It’s the day after Christmas, ho-ho-ho-hum. The presents are already open, your elbows are getting rubbed a little raw with all these relatives around, and you’re sick of holiday cookies and candy and fruitcake. It’s all too tempting to jump on the old cellphone and see what snarky things are being said on social media, or flip on the tube and see what they’re saying on TMZ.
Stop! You can do that anytime. Instead, go to the website “Chronicling America” and check out a newspaper that is 100 years old today – the Philadelphia Evening Ledger of Dec. 26, 1914. There was a lot going on, even though the day being reported on was Christmas:
- World War I, from “Peace for an Hour as Soldiers Pray on Battlefields” to “Czar Breaks German Line: Gains Ground in Poland”
- Pancho Villa was on the move: “Villistas Drive Defenders Back Near Vera Cruz”
- Really peculiar cartoons were being published;
- The sale of the New York Yankees was pending;
- Washington, D.C., experienced a small earthquake on Christmas Eve, at 10:51 p.m. ;
- A religious revival was slated, by the famous baseball-player-turned-preacher, Billy Sunday;
- The doings of every service club in Philly were noted, from the Royal Arcanum to the Artisans Order of Mutual Protection
- And, you can read episode IV of a piece of fiction: “Zudora, A Great Mystic Story by Harold MacGrath.” (Not to worry – it has a synopsis).
Old newspapers are addictive.
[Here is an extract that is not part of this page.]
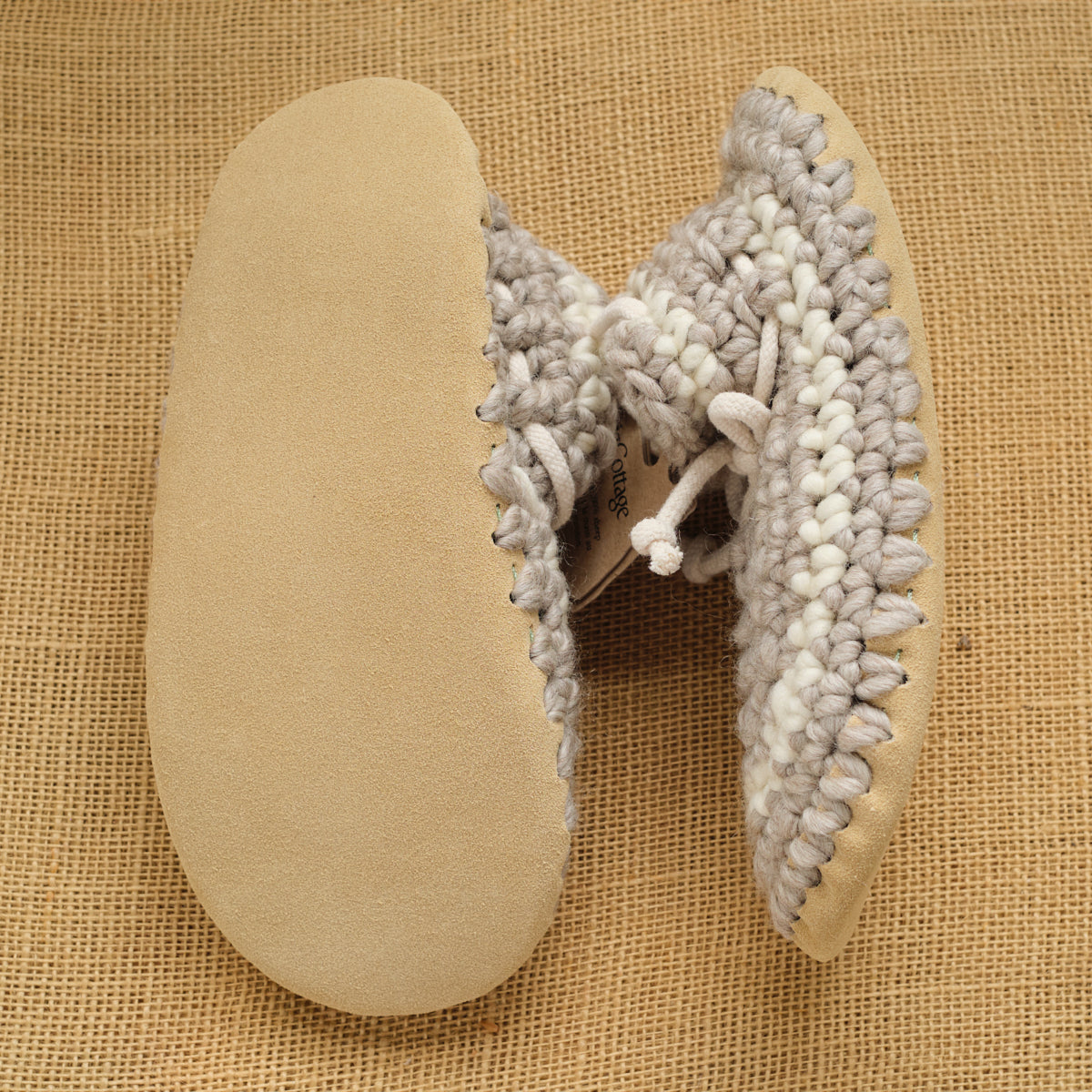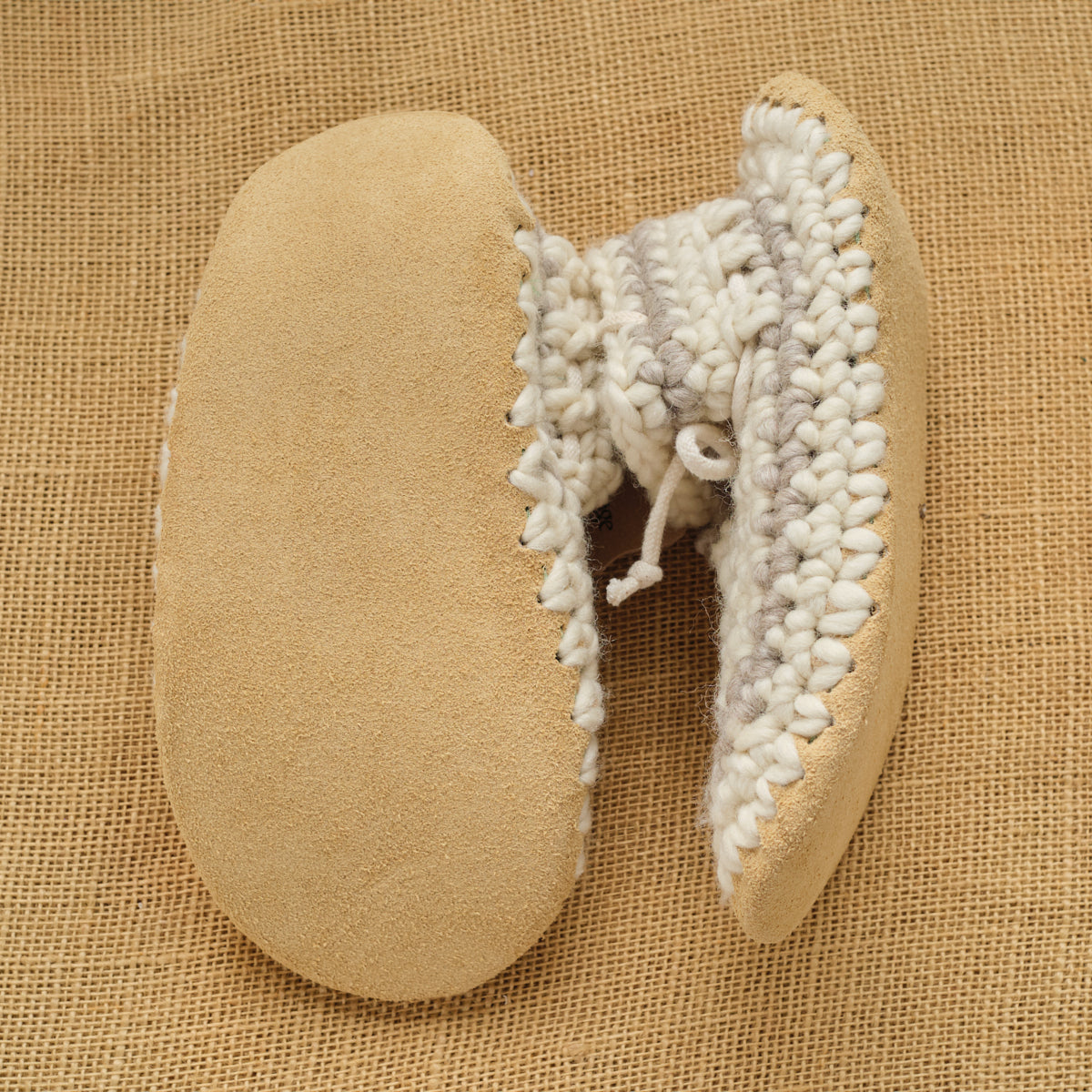 These wool slippers are amazing. Many are used as outdoor shoes in nicer conditions. New Zealand Wool roving crocheted with wool fleece lining and leather soles. They shape and conform to the foot and stretch just a little with use so having a snug fit is desirable. Made in Canada.

Predating TV, radio and (of course) the internet, they were the go-to public source for entertainment. They do, in fact, serve up “history as it is being written,” but they also show you what our society was like at a brief moment in time. The ads are fascinating (“Newton Coal Answers the Burning Question!” “First Canaries Since the War Arrive on Steamer Sloterdyk from Rotterdam!”). Just looking at the differences and the similarities in what was considered news is fascinating. You can get lost in these old papers. My grandpa Phil, on my mother’s side, served in the U.S. Army infantry in WWI; he probably was in some of the battles reported in this newspaper (after the U.S. got in, of course). These are the kinds of papers he, and my grandma, and their parents would have been getting all of their news out of.
Chronicling America, which offers digitized copies of thousands of newspapers of yore, is a site backed by the Library of Congress and the National Endowment for the Humanities. In addition to the huge trove of searchable papers it offers, the site also selects several papers 100 years old today for your perusal, daily.
Old news is good news. Check it out.